Per PMS, none of the variables set in ebuild environment can be modified by ebuilds. This doesn't really make sense for variables TMPDIR and HOME since both are standard system environment variables that can normally be freely altered.
When we allow ebuilds to change these variables, we must specify their behaviour w.r.t. environment saving (for example, what will be their value in pkg_*rm after a package move?). Also, PMS guarantees that TMPDIR and HOME will point to different locations for the install and the replacement, when reinstalling a package. How will you enforce this when ebuilds are allowed to set these variables themselves?
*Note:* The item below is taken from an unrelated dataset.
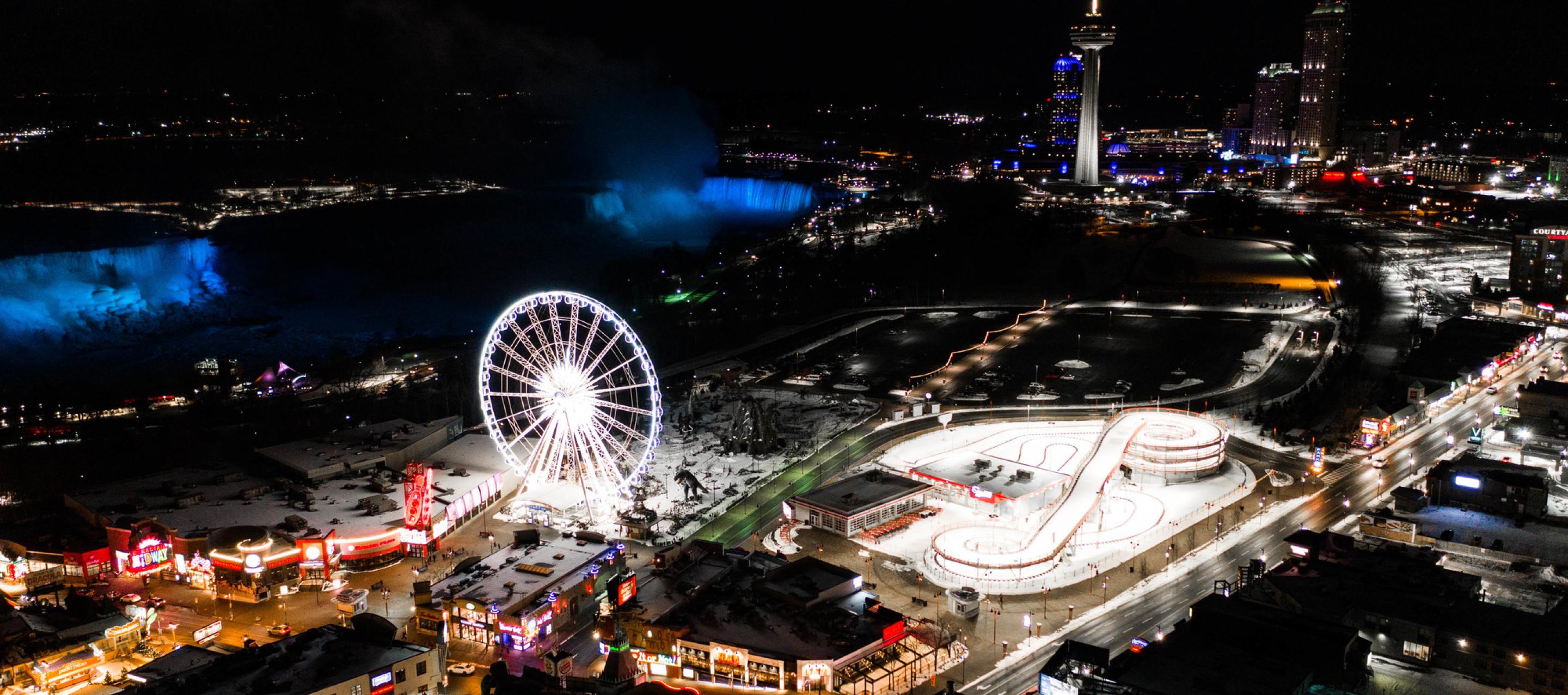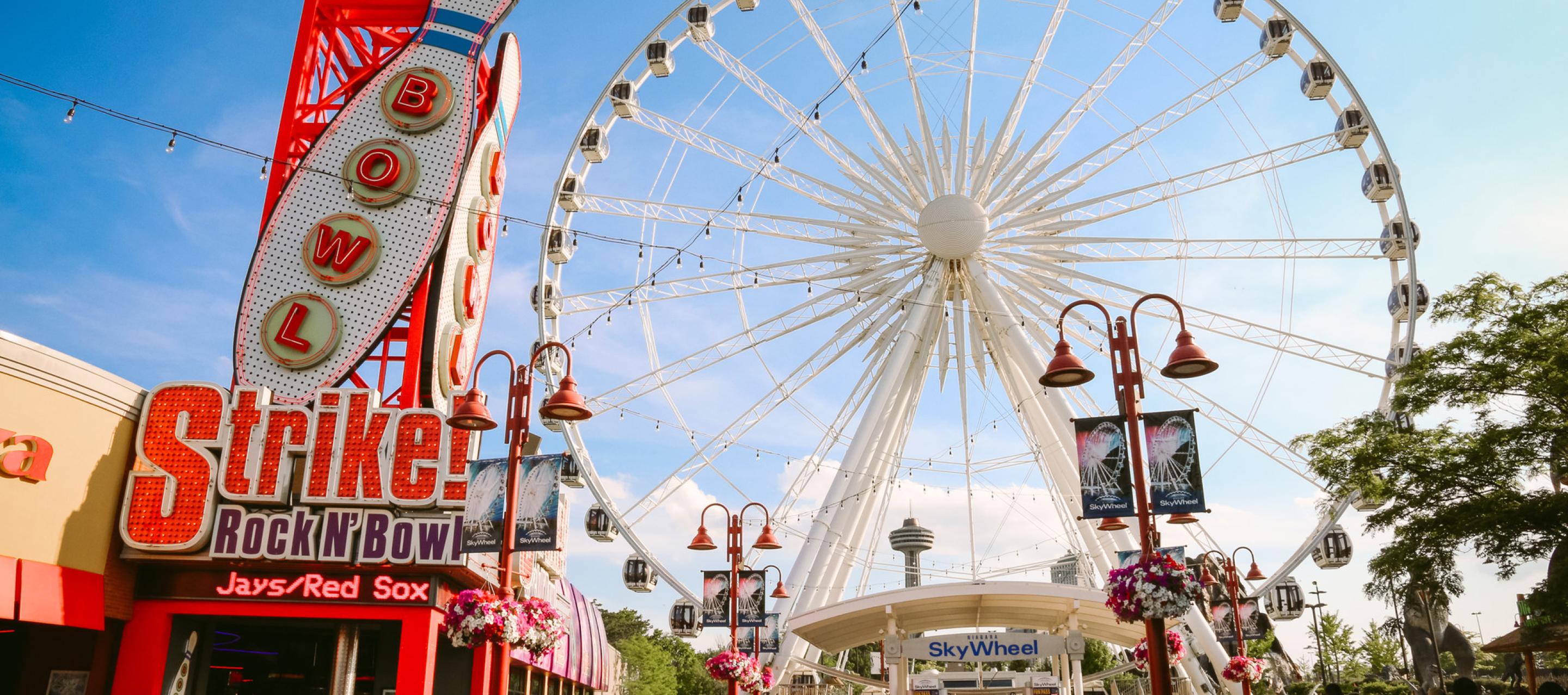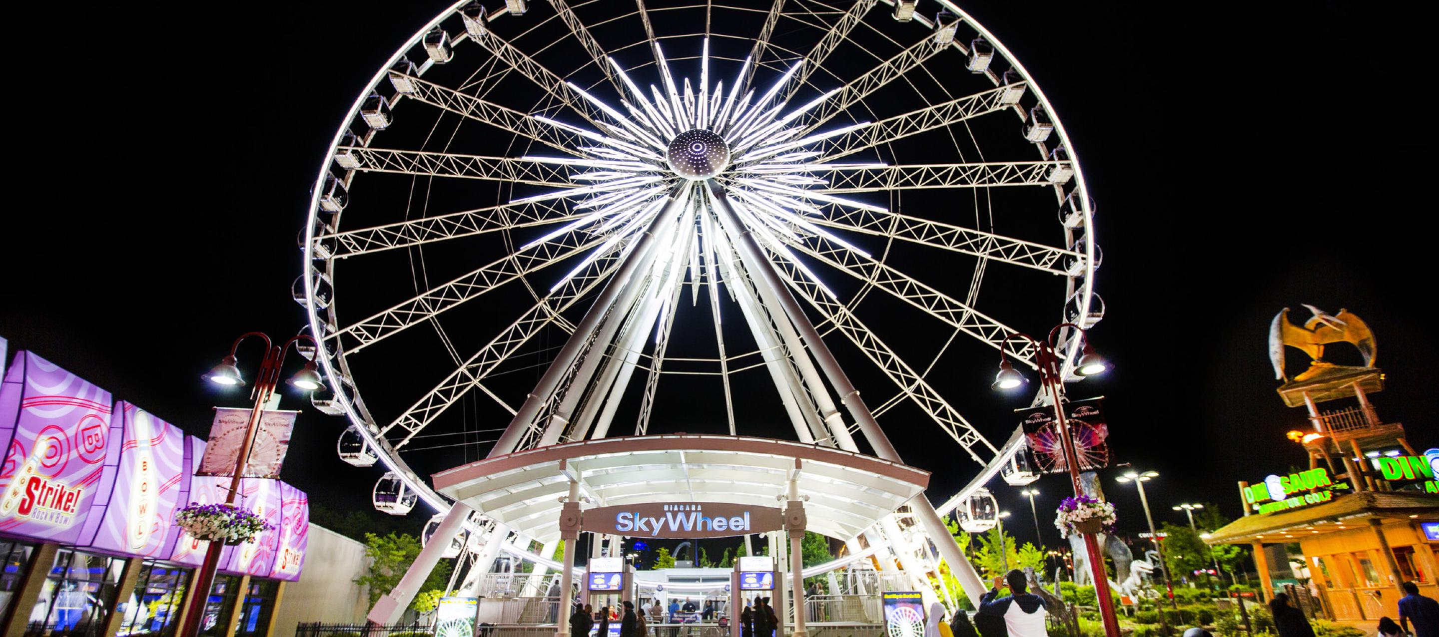 Are you ready for a unique sightseeing opportunity with breathtaking views of the Falls and beyond? Then head on down to Clifton Hill and take a ride on Canada's largest observation wheel, the Clifton Hill SkyWheel. Towering 175 feet (53 metres) over the Niagara Falls horizon, the Clifton Hill SkyWheel is the most exciting way to see Niagara Falls. From this vantage point you will be treated to memorable views of the Horseshoe and American Falls, the Niagara River and other landmarks.

I tend to close this as INVALID.
We only mangle it in local scope, relatively to the original value.
Can you describe what your actual usage case is? Usually HOME points to a user's home directory and there is little reason to change it.
We override configuration multiple times, storing different variants (for different Python versions) in separate homedirs. Then we just locally override HOME to enable the appropriate version. The alternative is to keep rewriting (or moving around) the configuration file when switching implementations but that is ugly compared to setting HOME.
(In reply to Michał Górny from comment #4) > The alternative is to keep rewriting (or moving around) the configuration > file when switching implementations but that is ugly compared to setting > HOME. This doesn't sound so complicated. I'd much prefer not to make intrusive changes to the spec for a problem that can be easily solved otherwise.
As a compromise, maybe PMS could disallow only non-local changes to values of these variables? Then 'local -x HOME=...' and 'HOME=... some_command' could still be used.
Various utilities used by the package mangler might misbehave in weird ways if given different values for these variables. I seem to recall this restriction originating because of a security issue along these lines.